After black-clad antifa members violently attacked conservative protesters in Berkeley on Sunday, the city’s mayor asked the University of California at Berkeley to cancel a conservative student group’s plan to host alt-right provocateur Milo Yiannopoulos in September.
The university says it isn’t backing down.
“We have neither the legal right or desire to interfere with or cancel their invitations based on the perspectives and beliefs of the speakers,” said university spokesman Dan Mogulof.
Mayor Jesse Arreguin said bringing Yiannopoulos to campus for “Berkeley Free Speech Week,” which is hosted by a conservative campus newspaper called the Berkeley Patriot, could create the potential for violent protesters “to create mayhem.”

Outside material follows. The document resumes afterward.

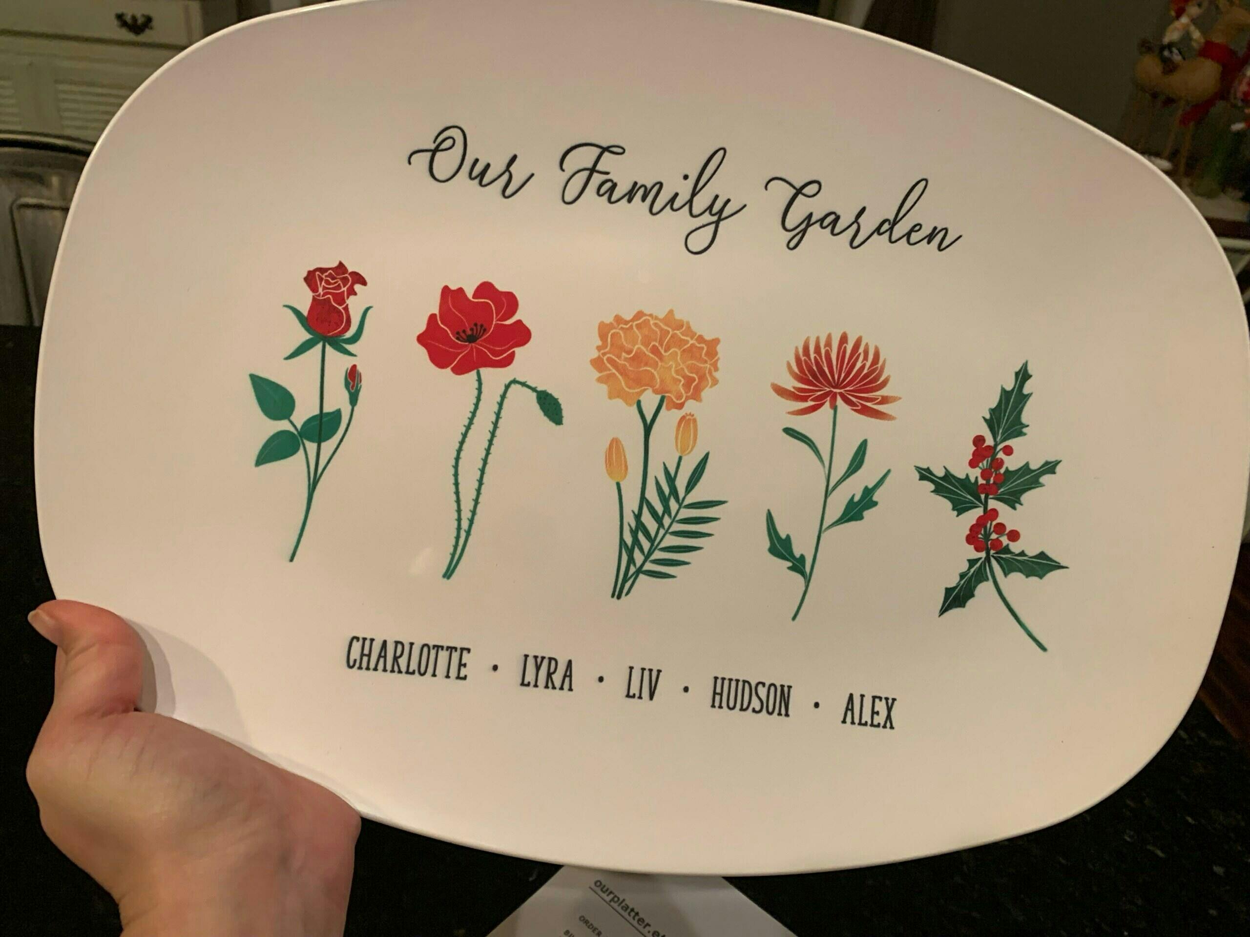 Create a one of a kind special platter with birthday month flowers for each family member. You will love our durable, BPA-free plastic resin platters custom made just for you. Dishwasher and Microwave safe is always a plus!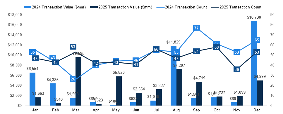 Florida’s M&A market in 2025 reflected one of the most active and diversified transaction environments in the country, with nearly 600 announced deals spanning healthcare, financial services, technology, industrials, real estate, consumer, and infrastructure. Activity was broad-based across Miami, Tampa, Orlando, Jacksonville, Fort Lauderdale, and the Gulf Coast, reinforcing Florida’s position as both an operating hub and a magnet for institutional capital. The year featured multiple landmark transactions, including Clearlake Capital’s $7.39 billion acquisition of Dun & Bradstreet in Jacksonville, Brookfield’s $6.0 billion acquisition of Duke Energy Florida, SoftBank’s $4.3 billion take-private of DigitalBridge in Boca Raton, and Roper Technologies’ $1.85 billion acquisition of CentralReach in Fort Lauderdale. These transactions, alongside a steady cadence of middle-market platform investments, underscore sustained sponsor appetite for scalable, recurring-revenue businesses headquartered in the state.

“I don’t want Berkeley being used as a punching bag,” Arreguin told the San Francisco Chronicle.
The Berkeley Patriot also invited former White House chief strategist Stephen K. Bannon and conservative provocateur Ann Coulter to speak during the week, scheduled for Sept. 24-27. Mogulof said the university is not able to confirm the speakers until administrators receive a finalized list from the student group this week.

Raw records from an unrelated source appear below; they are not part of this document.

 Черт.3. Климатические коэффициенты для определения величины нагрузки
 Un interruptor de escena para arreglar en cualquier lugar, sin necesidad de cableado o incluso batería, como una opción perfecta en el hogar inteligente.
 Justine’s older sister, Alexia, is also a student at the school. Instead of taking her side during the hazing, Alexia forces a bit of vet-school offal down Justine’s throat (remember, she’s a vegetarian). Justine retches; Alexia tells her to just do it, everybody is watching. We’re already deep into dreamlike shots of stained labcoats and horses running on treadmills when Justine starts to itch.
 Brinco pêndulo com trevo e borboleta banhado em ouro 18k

The university, where the Free Speech Movement began in the 1960s, again became a focal point in national debate about free speech on college campuses in February, when violent protests forced university police to cancel a speech by Yiannopoulos, whom critics call a hatemonger.
In February, police estimated that 150 violent agitators — who were wearing masks and clad in black — smashed windows, set fires and hurled rocks at police, costing $100,000 in damage to the school. The protesters reportedly interrupted much larger peaceful demonstrations.
Following the unrest, President Trump raised the prospect of cutting federal funds to the school, which is a public university.
“If U.C. Berkeley does not allow free speech and practices violence on innocent people with a different point of view — NO FEDERAL FUNDS?” Trump tweeted.
In April, demonstrators again converged on Berkeley to protest a speech by Coulter, which ultimately didn’t happen after a back-and-forth between Coulter and university officials worried they hadn’t been given enough notice to work out security and logistics.
Chancellor Carol Christ promised in a letter to students, faculty and staff last week that this year the university will “invest the necessary resources” to make speeches by Yiannopoulos and conservative columnist Ben Shapiro safe — for both the speakers and the community.
“If you choose to protest, do so peacefully,” Christ wrote. “That is your right, and we will defend it with vigor. We will not tolerate violence, and we will hold anyone accountable who engages in it.”
Arreguin told the Chronicle he “obviously” believes in freedom of speech but that “there is a line between freedom of speech and then posing a risk to public safety.”
“That is where we have to really be very careful — that while protecting people’s free-speech rights, we are not putting our citizens in a potentially dangerous situation and costing the city hundreds of thousands of dollars fixing the windows of businesses,” he said.
Yiannopoulos said Aug. 18 on his website that he hopes the event brings “together liberals, conservatives, and whatever libertarians aren’t too busy mining bitcoin, to celebrate free speech.
“In the not too distant past, that is what every day at American universities was about,” Yiannopoulos said. “Now free speech is shunned, and in some cases violently shut down.”
Shapiro, whose appearance is sponsored by the Berkeley College Republicans, is scheduled to speak Sept. 14. In a Twitter thread on Monday, the editor in chief of the conservative website the DailyWire.com demanded that police “do their jobs and stop violence” if violence breaks out because of his speech.
“The alt-right is repulsive. Antifa is repulsive. We should all stand together against political violence. Join us, Berkeley,” Shapiro tweeted.